Assignment: Omit every picture, then return each line of the data below exactly.

##### Available data

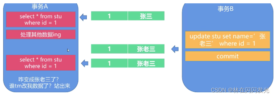 第二次查询得到的name应该还是预期的张三,因为很明确,A并没有对name进行修改,但是在并发环境下,假如两条select语句间有另外一个事务对name执行了update操作并提交了,把张三的名字改为了张老三,A再次执行同样查询导致name由张三变为张老三
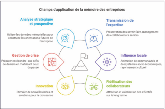 De nature transdisciplinaire, la mémoire de l’entreprise peut s’appliquer à un champ très étendu mais le point le plus intéressant et le plus méconnu à ce jour est celui de la transmission du savoir-faire décisionnel des dirigeants.
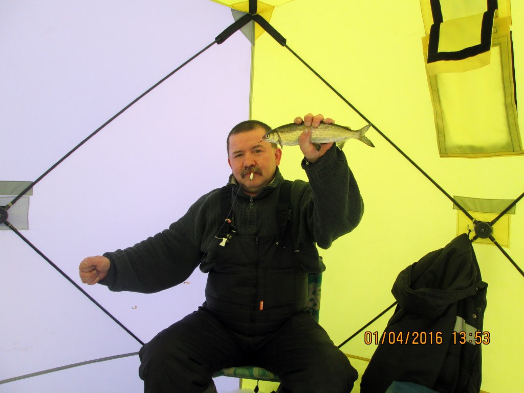 Сели опять на свое место, метров на 200-300 от всех. С утра, с 10, как-то не очень поклевывало. После обеда мне стало скучно в палатке, и я пробурилась на улице. Сразу подряд 4 корюшки! Слышу, в палатке Сережка матерится:"Опять сошел!!!" :wo)(ll: И у меня тут же мощный тычок!!! :sh_ok: Поймала грамм на 400 сига, мой вопль, наверно, вся Имандра слышала:"А я твоего вытащила!!!!" :ya_hoo_oo: Потом сразу еще, но неразмерного: плыви за мамой-папой!
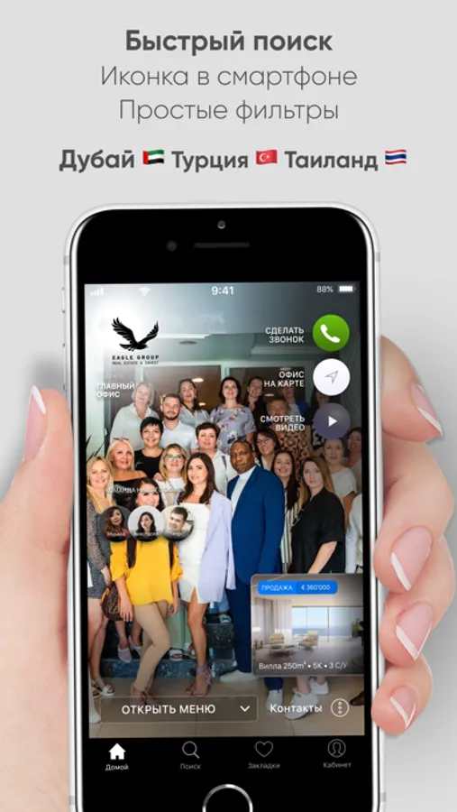 В приложении Вы быстро определитесь с локациями, выберите подходящий вариант, свяжетесь с понравившимся агентом и найдете ближайший офис.
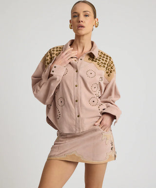 Rodeo Renegade Studded Applique Low Waist Mini Suede Skirt - Dusty Pink
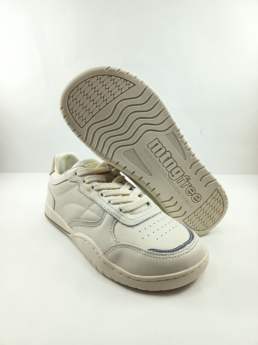 Semi-sport free de piel blanco con cierre de cordon y suela de goma, forro y palntilla de piel, detalle en cuero, modelo barefoot.
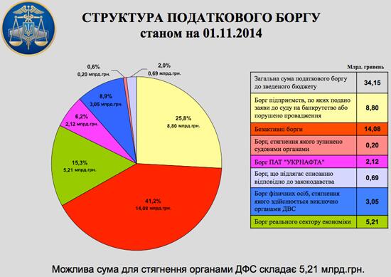 С начала 2014 года налоговый долг предприятий увеличился более чем в два раза. По словам Билоуса, если в начале 2014 года он составлял около 15,5 млрд грн, то 1 ноября 2014 года его объем достиг 34,1 млрд грн.
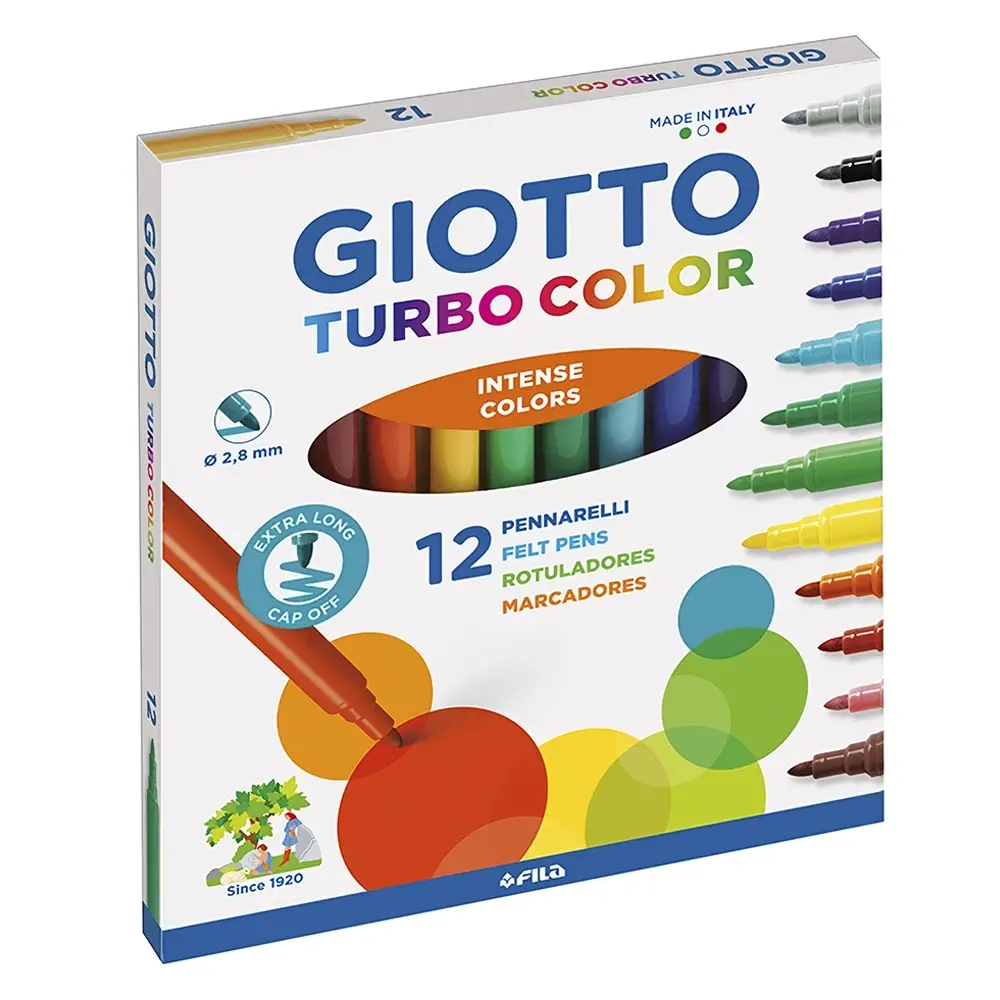 Descubre los rotuladores Giotto Turbo Color: el estuche incluye 12 colores surtidos con punta redonda de 2,8 mm, ideal para manos pequeñas. Ofrecen trazos anchos, cobertura excelente y colores vibrantes. Su tinta lavable se elimina fácilmente de manos y tejidos (agua y jabón). Punta resistente y tapa ventilada para máxima seguridad. Perfectos para fomentar la creatividad en casa o en la escuela.
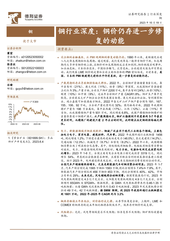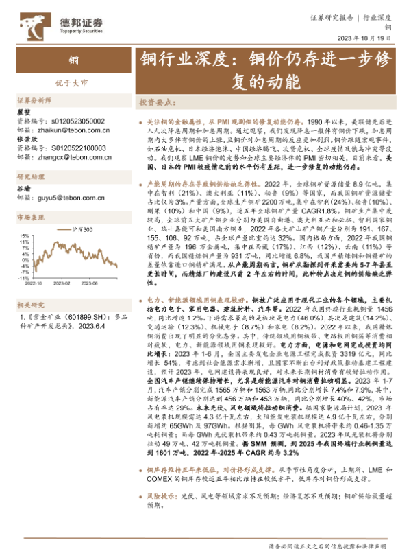 【德邦证券】【20231019】2023-10-20-铜行业深度-铜价仍存进一步修复的动能-22页
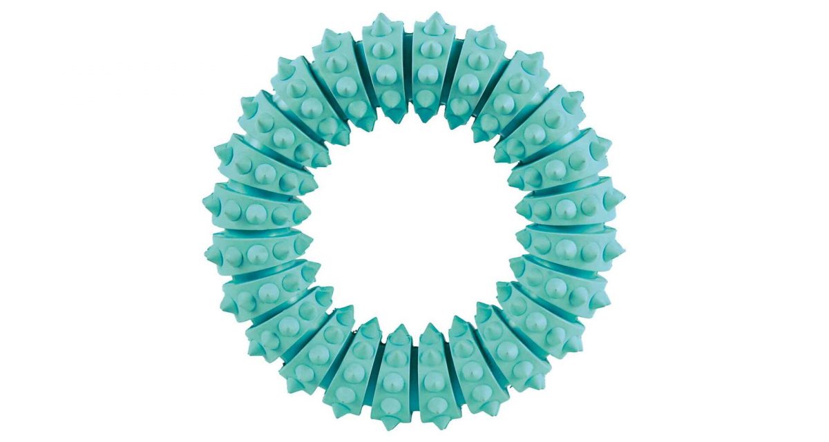 Výstupky na kroužku pomáhajíodstranit zubní plak a masírují psovidásně. Kroužek je navíc napuštěň extraktem z máty, a tak osvěžuje dech psa. Materiál - přírodní guma.
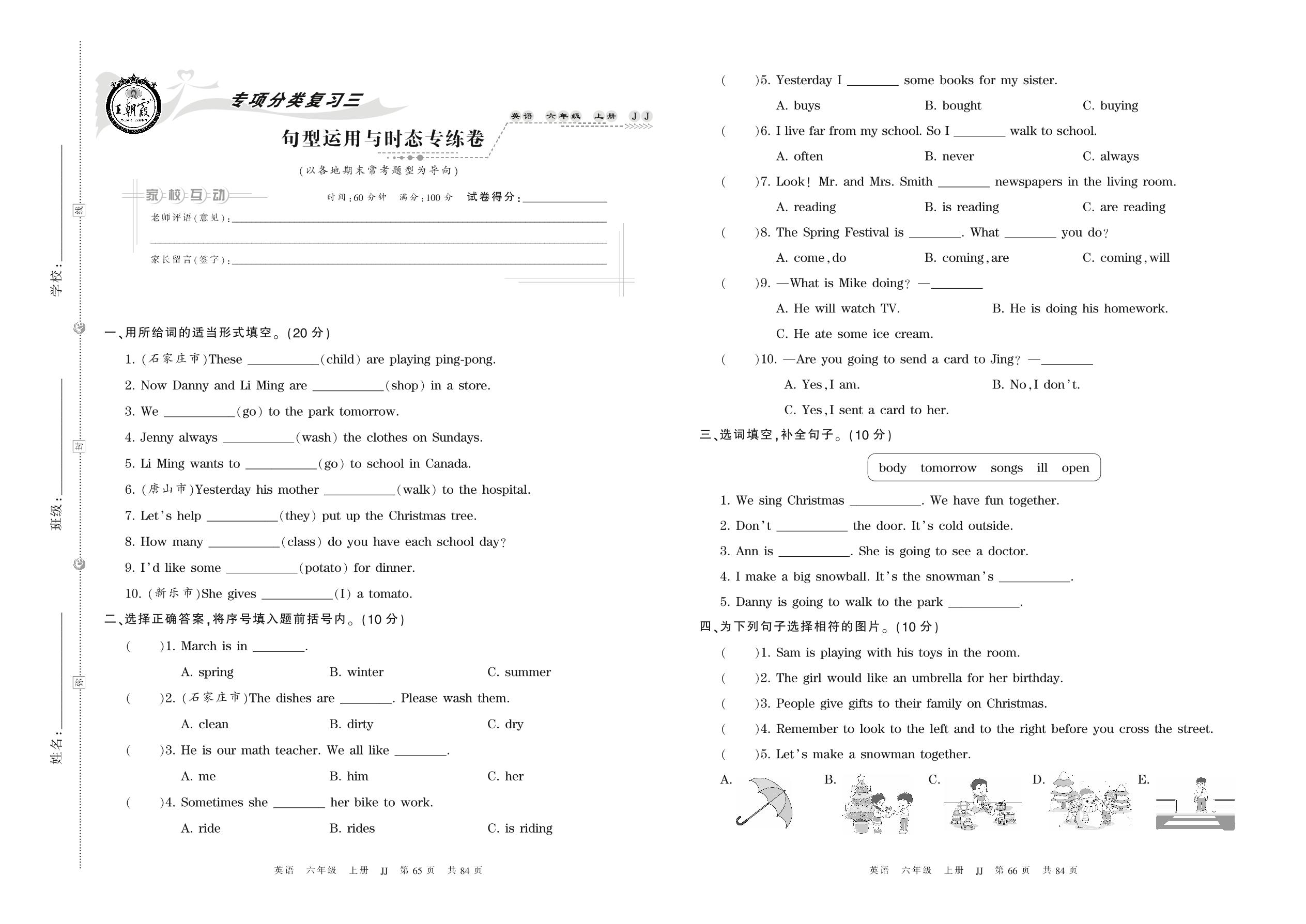 2021上册六年级英语冀教版 句型运用与时态专练卷
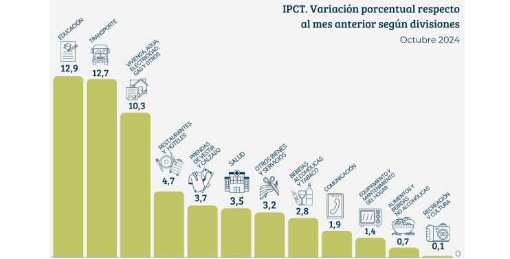 Las categorías que más aumentaron fueron “Educación” (12,9%) seguida por “Transporte” (12,7%).
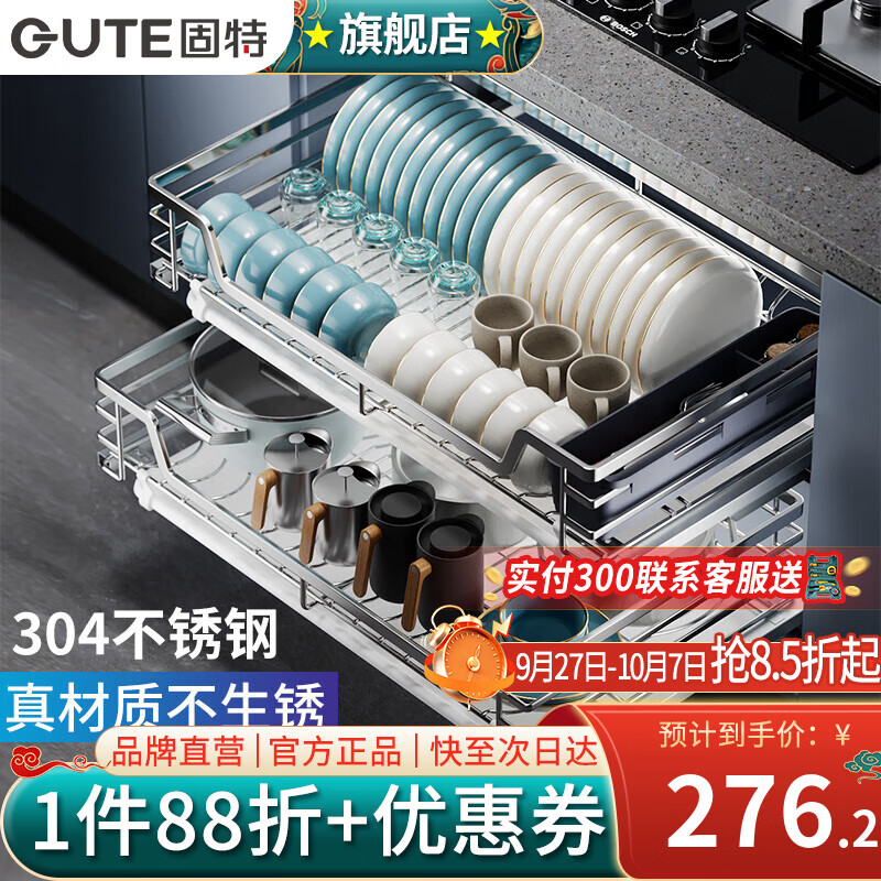 固特(GUTE)厨房拉篮304不锈钢橱柜抽屉式厨房碗柜碗架碗筷置物架调味拉篮 304不锈钢【600柜】扁钢 深度≥430
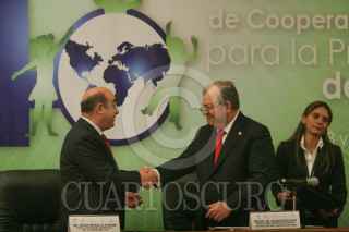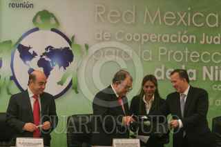 MÉXICO, D.F., 18ABRIL2013.-El presidente del Tribunal Superior de Justicia del Distrito Federal (TSJDF), Edgar Elías Azar, el titular de la Secretaría de Relaciones Exteriores (SRE), José Antonio Meade Kuribreña, y el titular de la Procuraduría General de la República (PGR), Jesús Murillo Karam, asistieron a la inauguración de "la Cuarta Reunión de la Red Mexicana de Cooperación Judicial para la Protección de la Niñez" y la firma del "Convenio de Colaboración en Materia de Adopción y Restitución Internacional de Menores", en las instalaciones del Tribunal Superior de Justicia del Distrito Federal (TSJDF). FOTO: JUAN PABLO ZAMORA /CUARTOSCURO.COM
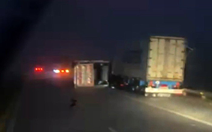 Algunos videos subidos a las redes sociales muestran el panorama en la autovía, entre Cañada de Gómez y Tortugas, con “entre 6 y 8 camiones volteados por el viento”.
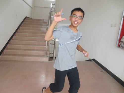 最后一个游戏是“找字母猜单词”,要求参赛者在整座教学楼找出九个英文字母,并把它们拼成一个英文单词,速度越快越高分。有一个字母贴在教室外面的一根柱子后面很少人发现。
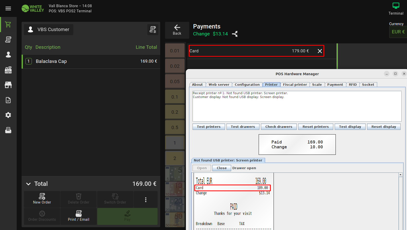 4.Pay attention to payment status:'Change $13.14' and payment line:'Card 179€'
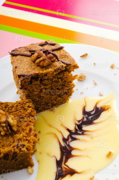 Торт с грецкими орехами на тарелке
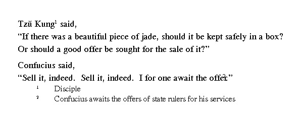 Цзы-гун сказал: "Здесь есть кусок прекрасной яшмы. Спрятать ли его в ящик или же подождать, когда за него дадут хорошую цену и продать?"
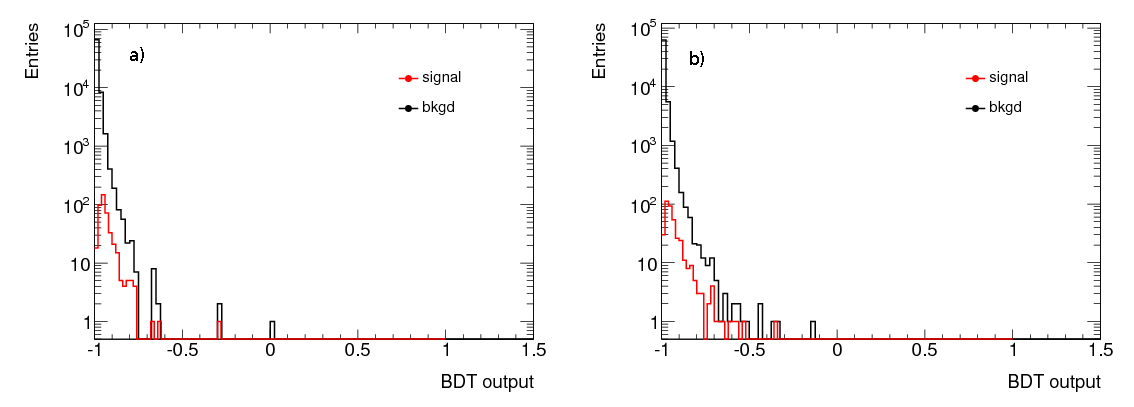 The TMVA implementation of the BDT is used [4]. Most variables are default athough a few are altered to avoid overtraining. The output of the BDT for signal and background is shown for semi-leptonic top events in Figure 8a) and for semi-leptonic Higgs events in Figure 8b)
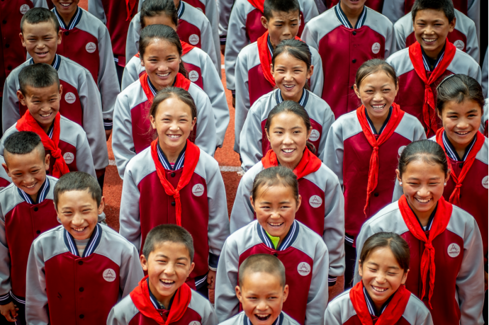 涼山州布拖縣阿布澤魯小學(xué)全體學(xué)生在開學(xué)典禮上穿上了愛心校服
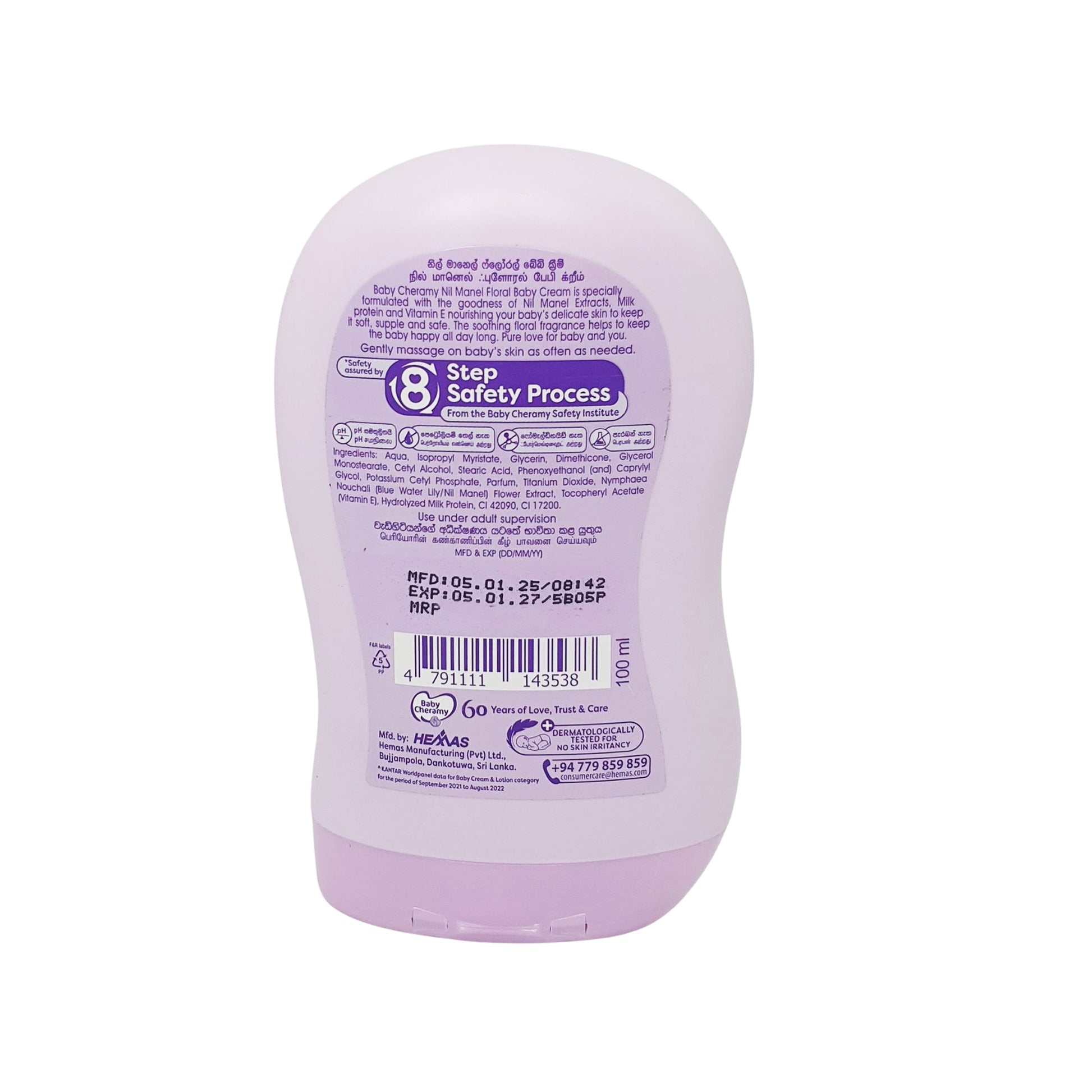 Představujeme Baby Cheramy Floral Baby Cream, jemnou recepturu obohacenou o výtažky Nil Manel, mléko a vitamín E pro výživu a ochranu jemné pokožky vašeho dítěte. Krém hydratuje, zklidňuje a zanechává pokožku jemnou a pružnou. Jeho květinová vůně udržuje dítě po celý den šťastné. Dermatologicky testovaný a hypoalergenní, je bezpečný pro citlivou pokožku
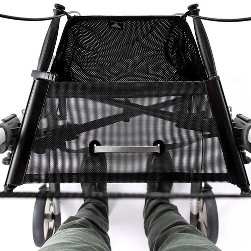 Dankzij de zijdelingse vouwtechniek kan de Troja Walker² eenvoudig met één hand worden ingeklapt. De handgrepen kunnen in de zijstangen worden geschoven, wat handig is bij het opbergen.
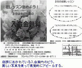 「ブロッサムフラワースクール」では、受講コースや年間カリキュラムの解説、体験レッスンの案内など手作りのチラシやビラを用意し、

##########

Solution for this exercise:
 第二次查询得到的name应该还是预期的张三,因为很明确,A并没有对name进行修改,但是在并发环境下,假如两条select语句间有另外一个事务对name执行了update操作并提交了,把张三的名字改为了张老三,A再次执行同样查询导致name由张三变为张老三
 De nature transdisciplinaire, la mémoire de l’entreprise peut s’appliquer à un champ très étendu mais le point le plus intéressant et le plus méconnu à ce jour est celui de la transmission du savoir-faire décisionnel des dirigeants.
 Сели опять на свое место, метров на 200-300 от всех. С утра, с 10, как-то не очень поклевывало. После обеда мне стало скучно в палатке, и я пробурилась на улице. Сразу подряд 4 корюшки! Слышу, в палатке Сережка матерится:"Опять сошел!!!" :wo)(ll: И у меня тут же мощный тычок!!! :sh_ok: Поймала грамм на 400 сига, мой вопль, наверно, вся Имандра слышала:"А я твоего вытащила!!!!" :ya_hoo_oo: Потом сразу еще, но неразмерного: плыви за мамой-папой!
 В приложении Вы быстро определитесь с локациями, выберите подходящий вариант, свяжетесь с понравившимся агентом и найдете ближайший офис.
 Rodeo Renegade Studded Applique Low Waist Mini Suede Skirt - Dusty Pink
 Semi-sport free de piel blanco con cierre de cordon y suela de goma, forro y palntilla de piel, detalle en cuero, modelo barefoot.
 С начала 2014 года налоговый долг предприятий увеличился более чем в два раза. По словам Билоуса, если в начале 2014 года он составлял около 15,5 млрд грн, то 1 ноября 2014 года его объем достиг 34,1 млрд грн.
 Descubre los rotuladores Giotto Turbo Color: el estuche incluye 12 colores surtidos con punta redonda de 2,8 mm, ideal para manos pequeñas. Ofrecen trazos anchos, cobertura excelente y colores vibrantes. Su tinta lavable se elimina fácilmente de manos y tejidos (agua y jabón). Punta resistente y tapa ventilada para máxima seguridad. Perfectos para fomentar la creatividad en casa o en la escuela.
 【德邦证券】【20231019】2023-10-20-铜行业深度-铜价仍存进一步修复的动能-22页
 Výstupky na kroužku pomáhajíodstranit zubní plak a masírují psovidásně. Kroužek je navíc napuštěň extraktem z máty, a tak osvěžuje dech psa. Materiál - přírodní guma.
 2021上册六年级英语冀教版 句型运用与时态专练卷
 Las categorías que más aumentaron fueron “Educación” (12,9%) seguida por “Transporte” (12,7%).
 固特(GUTE)厨房拉篮304不锈钢橱柜抽屉式厨房碗柜碗架碗筷置物架调味拉篮 304不锈钢【600柜】扁钢 深度≥430
 MÉXICO, D.F., 18ABRIL2013.-El presidente del Tribunal Superior de Justicia del Distrito Federal (TSJDF), Edgar Elías Azar, el titular de la Secretaría de Relaciones Exteriores (SRE), José Antonio Meade Kuribreña, y el titular de la Procuraduría General de la República (PGR), Jesús Murillo Karam, asistieron a la inauguración de "la Cuarta Reunión de la Red Mexicana de Cooperación Judicial para la Protección de la Niñez" y la firma del "Convenio de Colaboración en Materia de Adopción y Restitución Internacional de Menores", en las instalaciones del Tribunal Superior de Justicia del Distrito Federal (TSJDF). FOTO: JUAN PABLO ZAMORA /CUARTOSCURO.COM
 Algunos videos subidos a las redes sociales muestran el panorama en la autovía, entre Cañada de Gómez y Tortugas, con “entre 6 y 8 camiones volteados por el viento”.
 最后一个游戏是“找字母猜单词”,要求参赛者在整座教学楼找出九个英文字母,并把它们拼成一个英文单词,速度越快越高分。有一个字母贴在教室外面的一根柱子后面很少人发现。
 4.Pay attention to payment status:'Change $13.14' and payment line:'Card 179€'
 Торт с грецкими орехами на тарелке
 Цзы-гун сказал: "Здесь есть кусок прекрасной яшмы. Спрятать ли его в ящик или же подождать, когда за него дадут хорошую цену и продать?"
 The TMVA implementation of the BDT is used [4]. Most variables are default athough a few are altered to avoid overtraining. The output of the BDT for signal and background is shown for semi-leptonic top events in Figure 8a) and for semi-leptonic Higgs events in Figure 8b)
 涼山州布拖縣阿布澤魯小學(xué)全體學(xué)生在開學(xué)典禮上穿上了愛心校服
 Představujeme Baby Cheramy Floral Baby Cream, jemnou recepturu obohacenou o výtažky Nil Manel, mléko a vitamín E pro výživu a ochranu jemné pokožky vašeho dítěte. Krém hydratuje, zklidňuje a zanechává pokožku jemnou a pružnou. Jeho květinová vůně udržuje dítě po celý den šťastné. Dermatologicky testovaný a hypoalergenní, je bezpečný pro citlivou pokožku
 Dankzij de zijdelingse vouwtechniek kan de Troja Walker² eenvoudig met één hand worden ingeklapt. De handgrepen kunnen in de zijstangen worden geschoven, wat handig is bij het opbergen.
 「ブロッサムフラワースクール」では、受講コースや年間カリキュラムの解説、体験レッスンの案内など手作りのチラシやビラを用意し、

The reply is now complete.